## Work required
Print exactly the lines below between the line containing "11月25日,游客在黃山市黟縣宏村南湖游覽。" and the line containing "Welcome to Bloor", counting both of those lines. Leave pictures out.

## Excerpted records
==================================================
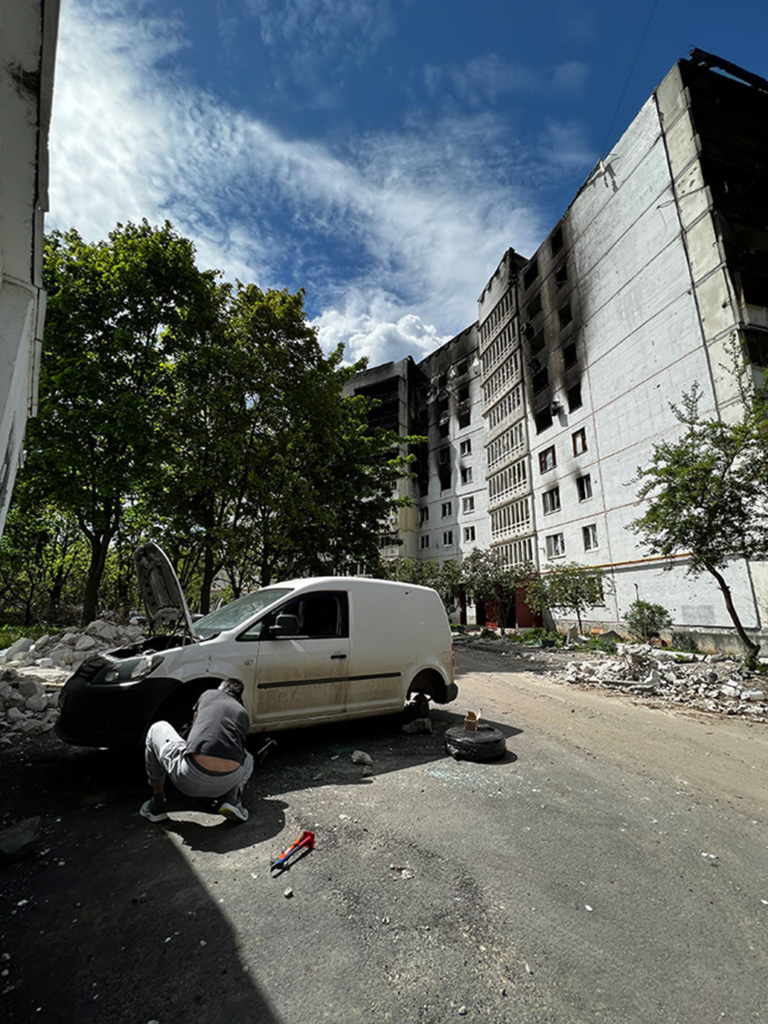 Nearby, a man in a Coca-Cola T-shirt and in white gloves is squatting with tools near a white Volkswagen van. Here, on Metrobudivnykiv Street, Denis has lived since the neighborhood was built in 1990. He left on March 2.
==================================================
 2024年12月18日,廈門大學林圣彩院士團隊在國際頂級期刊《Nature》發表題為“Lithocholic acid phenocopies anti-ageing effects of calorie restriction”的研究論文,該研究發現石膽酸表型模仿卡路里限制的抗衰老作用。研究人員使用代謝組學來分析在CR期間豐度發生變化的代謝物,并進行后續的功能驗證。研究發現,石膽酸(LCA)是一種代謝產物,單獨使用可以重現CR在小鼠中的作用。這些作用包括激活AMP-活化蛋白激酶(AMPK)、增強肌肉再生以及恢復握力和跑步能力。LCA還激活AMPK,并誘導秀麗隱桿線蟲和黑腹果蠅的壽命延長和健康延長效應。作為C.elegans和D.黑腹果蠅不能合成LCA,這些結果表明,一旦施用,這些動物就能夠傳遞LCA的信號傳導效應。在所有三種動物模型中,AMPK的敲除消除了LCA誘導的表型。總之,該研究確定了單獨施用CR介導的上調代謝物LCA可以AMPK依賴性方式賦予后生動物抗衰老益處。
==================================================
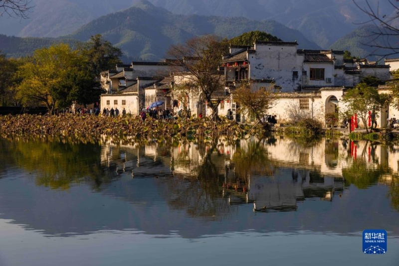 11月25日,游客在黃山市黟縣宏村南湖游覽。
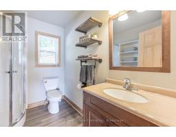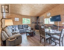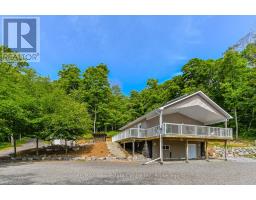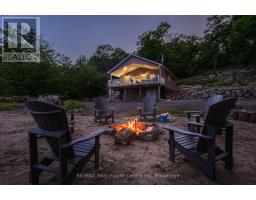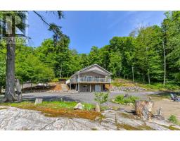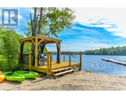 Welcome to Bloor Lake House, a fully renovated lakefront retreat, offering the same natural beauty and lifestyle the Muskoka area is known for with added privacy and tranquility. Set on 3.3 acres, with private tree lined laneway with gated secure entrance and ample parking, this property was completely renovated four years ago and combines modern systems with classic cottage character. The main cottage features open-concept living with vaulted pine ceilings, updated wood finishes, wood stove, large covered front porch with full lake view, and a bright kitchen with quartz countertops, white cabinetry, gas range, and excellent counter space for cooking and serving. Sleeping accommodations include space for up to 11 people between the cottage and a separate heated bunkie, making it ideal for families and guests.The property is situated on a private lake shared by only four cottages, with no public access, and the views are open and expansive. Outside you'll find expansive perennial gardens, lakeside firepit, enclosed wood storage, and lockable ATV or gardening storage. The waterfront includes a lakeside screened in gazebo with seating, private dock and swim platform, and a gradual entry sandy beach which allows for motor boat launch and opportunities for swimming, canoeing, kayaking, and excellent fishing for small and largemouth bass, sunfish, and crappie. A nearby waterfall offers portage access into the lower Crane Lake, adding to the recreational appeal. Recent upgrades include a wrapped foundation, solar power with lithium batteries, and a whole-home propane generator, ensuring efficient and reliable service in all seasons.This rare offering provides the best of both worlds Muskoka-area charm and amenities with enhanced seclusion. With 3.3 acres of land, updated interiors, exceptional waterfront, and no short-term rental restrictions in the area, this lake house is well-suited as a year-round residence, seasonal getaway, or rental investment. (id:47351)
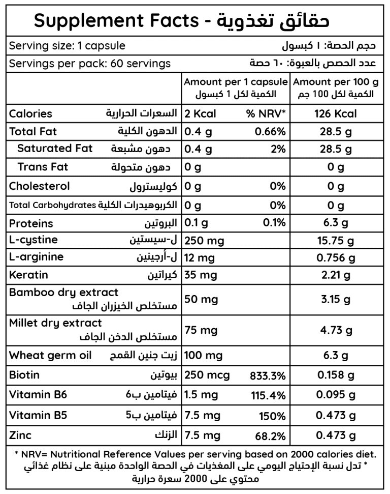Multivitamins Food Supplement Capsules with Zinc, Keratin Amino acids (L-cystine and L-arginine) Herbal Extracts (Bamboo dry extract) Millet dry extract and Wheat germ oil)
==================================================
## Task result
 11月25日,游客在黃山市黟縣宏村南湖游覽。
 Welcome to Bloor Lake House, a fully renovated lakefront retreat, offering the same natural beauty and lifestyle the Muskoka area is known for with added privacy and tranquility. Set on 3.3 acres, with private tree lined laneway with gated secure entrance and ample parking, this property was completely renovated four years ago and combines modern systems with classic cottage character. The main cottage features open-concept living with vaulted pine ceilings, updated wood finishes, wood stove, large covered front porch with full lake view, and a bright kitchen with quartz countertops, white cabinetry, gas range, and excellent counter space for cooking and serving. Sleeping accommodations include space for up to 11 people between the cottage and a separate heated bunkie, making it ideal for families and guests.The property is situated on a private lake shared by only four cottages, with no public access, and the views are open and expansive. Outside you'll find expansive perennial gardens, lakeside firepit, enclosed wood storage, and lockable ATV or gardening storage. The waterfront includes a lakeside screened in gazebo with seating, private dock and swim platform, and a gradual entry sandy beach which allows for motor boat launch and opportunities for swimming, canoeing, kayaking, and excellent fishing for small and largemouth bass, sunfish, and crappie. A nearby waterfall offers portage access into the lower Crane Lake, adding to the recreational appeal. Recent upgrades include a wrapped foundation, solar power with lithium batteries, and a whole-home propane generator, ensuring efficient and reliable service in all seasons.This rare offering provides the best of both worlds Muskoka-area charm and amenities with enhanced seclusion. With 3.3 acres of land, updated interiors, exceptional waterfront, and no short-term rental restrictions in the area, this lake house is well-suited as a year-round residence, seasonal getaway, or rental investment. (id:47351)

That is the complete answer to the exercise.